Despite the widely studied semantic tagging scenario, annotating geographical locations of social media recently arises to be a major trend, which includes plenty of novel research subjects such as landmark retrieval and recognition, visual tour guide, geography-aware image search, mobile device localization, and aiding virtual reality.

Geographically tagging user-contributed images has been investigated in recent years [16], [13]. However, tagging web videos has been less explored so far, in which inferring geo-locations of web videos is especially vital to location-based video services. The key difficulty of video geo-location inference is twofold.

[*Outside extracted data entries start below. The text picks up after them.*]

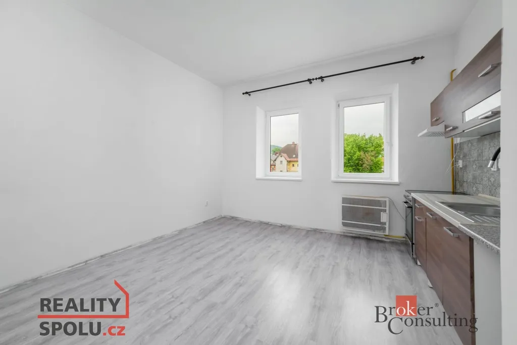 Byt prošel čerstvou rekonstrukcí podlah a oken, takže interiér působí čistě, moderně a útulně. Dominantou je nová kuchyňská linka, která nabízí dostatek prostoru pro vaření i pohodlné stolování.
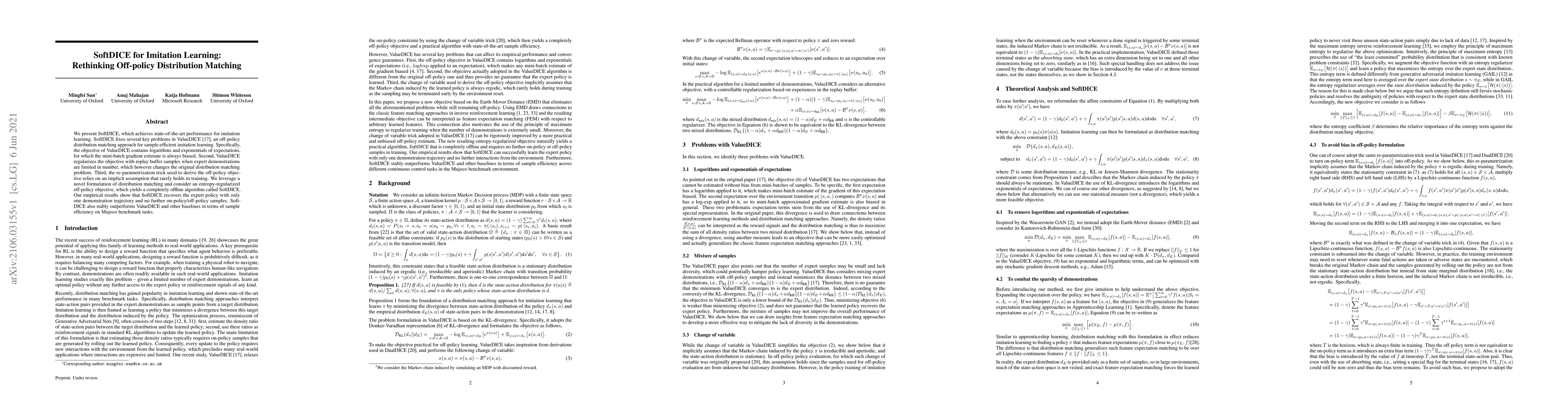 We present SoftDICE, which achieves state-of-the-art performance for imitation learning. SoftDICE fixes several key problems in ValueDICE, an off-policy distribution matching approach for sample-efficient imitation learning. Specifically, the objective of ValueDICE contains logarithms and exponentials of expectations, for which the mini-batch gradient estimate is always biased. Second, ValueDICE regularizes the objective with replay buffer samples when expert demonstrations are limited in number, which however changes the original distribution matching problem. Third, the re-parametrization trick used to derive the off-policy objective relies on an implicit assumption that rarely holds in training. We leverage a novel formulation of distribution matching and consider an entropy-regularized off-policy objective, which yields a completely offline algorithm called SoftDICE. Our empirical results show that SoftDICE recovers the expert policy with only one demonstration trajectory and no further on-policy/off-policy samples. SoftDICE also stably outperforms ValueDICE and other baselines in terms of sample efficiency on Mujoco benchmark tasks.
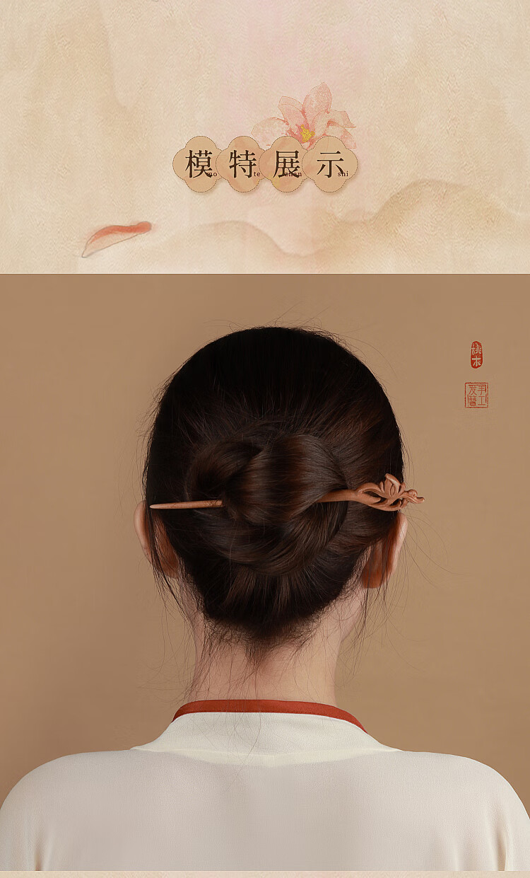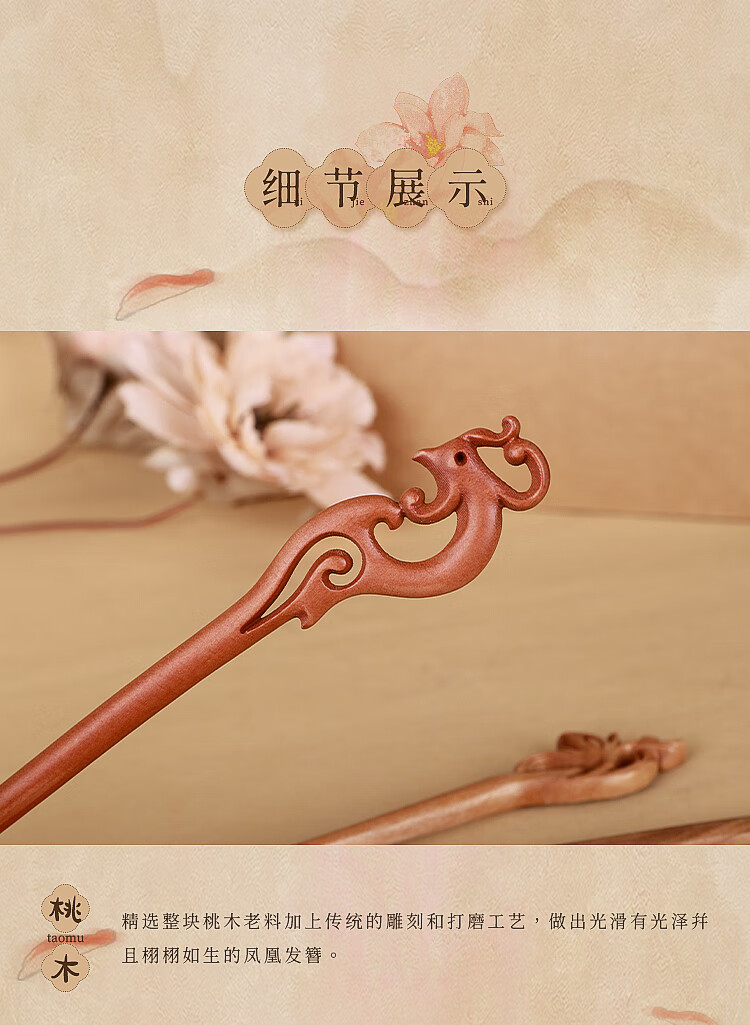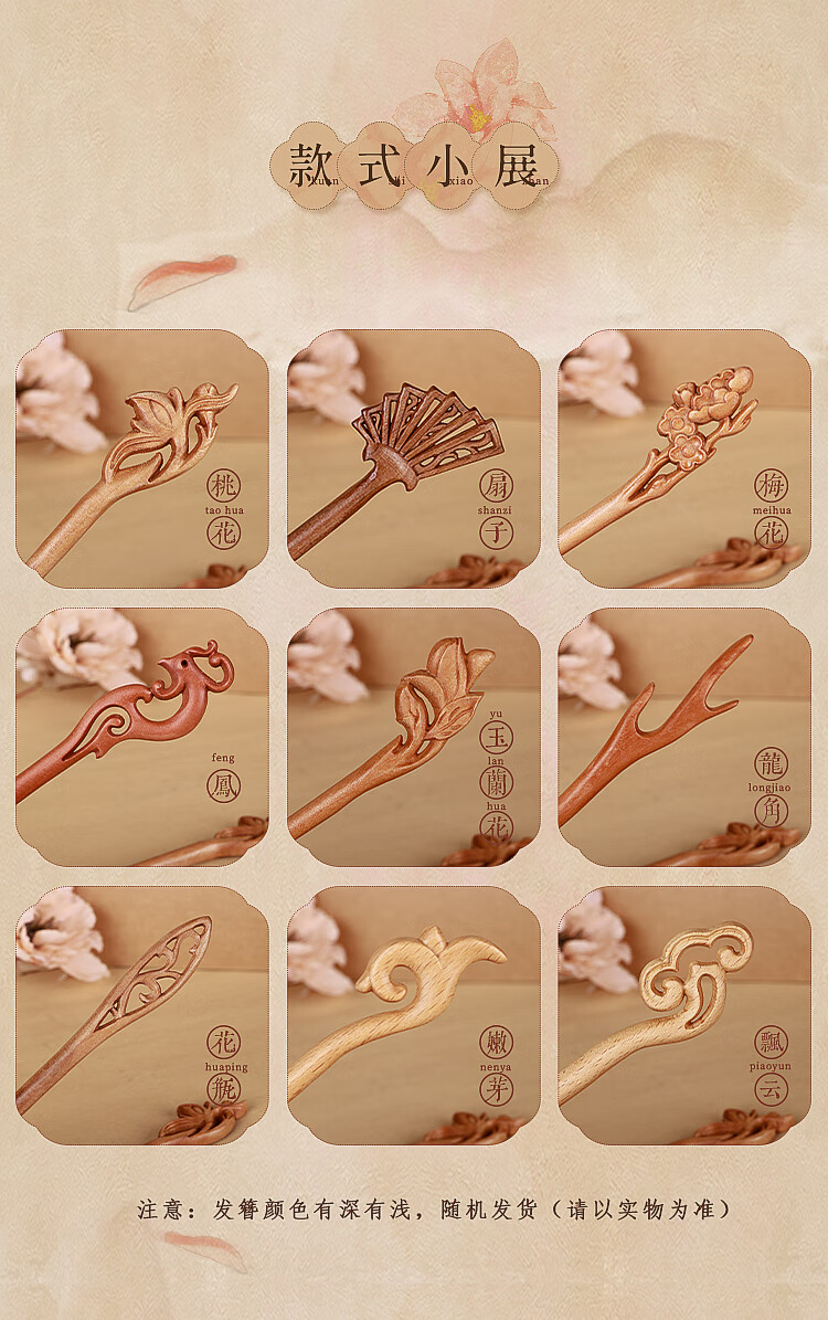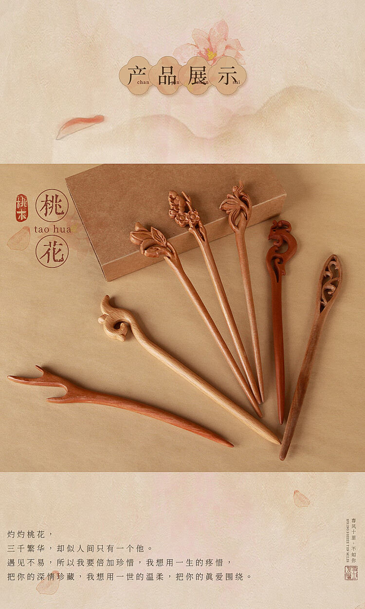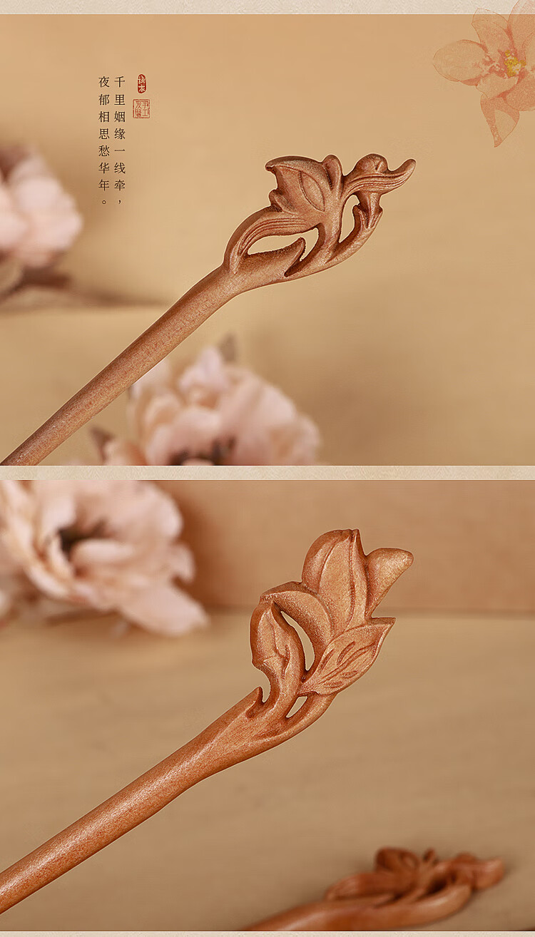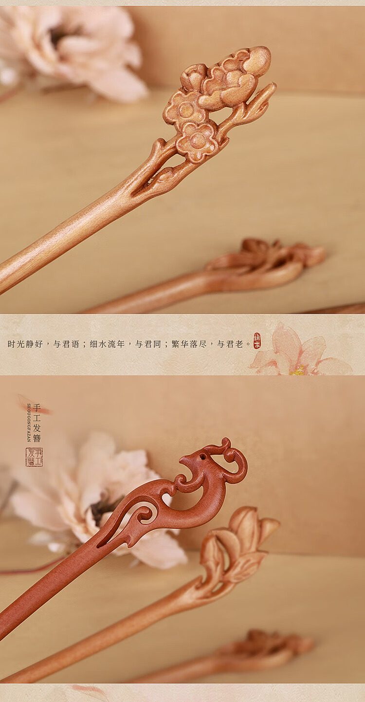 Shengxun peach wood hairpin handmade new Chinese style hairpin ancient style female style wooden hairpin daily simple hairpin hairpin fan
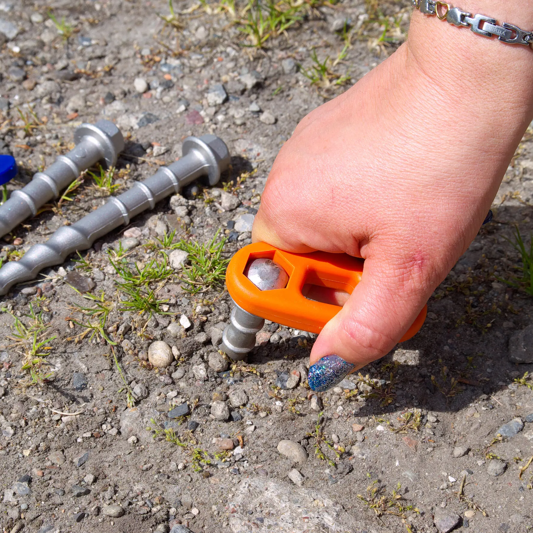 Der PP Schlag ist der einzige Schlag-Schraubhering in der PP Familie. Du schlägst ihn mit einem Hammer ein und kannst ihn mit einem Handschlüssel oder maschinell wieder ausschrauben. Er ist speziell für harte Böden entwickelt. Im Set sind 4 PP Schlag mit einer Länge von 15 cm und 4 Haken enthalten. Die Schlüsselweite beträgt 17 mm.

On the device level, current mobile phones and digital cameras typically do not record the geo-information when shotting videos; on the other hand, there are limited geographic tags available for web videos, so it may be infeasible to train accurate classifiers or search engines in order to geographically tag the web videos.

The previous attempts of web video geo-location inference almost resorted to using metadata of social networks, such as titles, descriptions, and comments [17]. To improve the inference accuracy, extra evidence, e.g., visual and acoustic features, is incorporated [15]. However, limited work has successfully exploited visual content to assist the geo-location inference of web videos, mainly due to insufficient training examples that cause a challenge in effectively modeling the landmark appearances. This challenge originates from two aspects: (1) the low quality of web videos, which results in a limited amount of SIFT features being extracted and therefore compromises the accuracy of near-duplicate visual content matching; (2) the difficulty to diversify different scenes in the same video, which prevents assigning the correct geographic tags to the corresponding locations or physical scenes. We illustrate the challenge in Fig. 1.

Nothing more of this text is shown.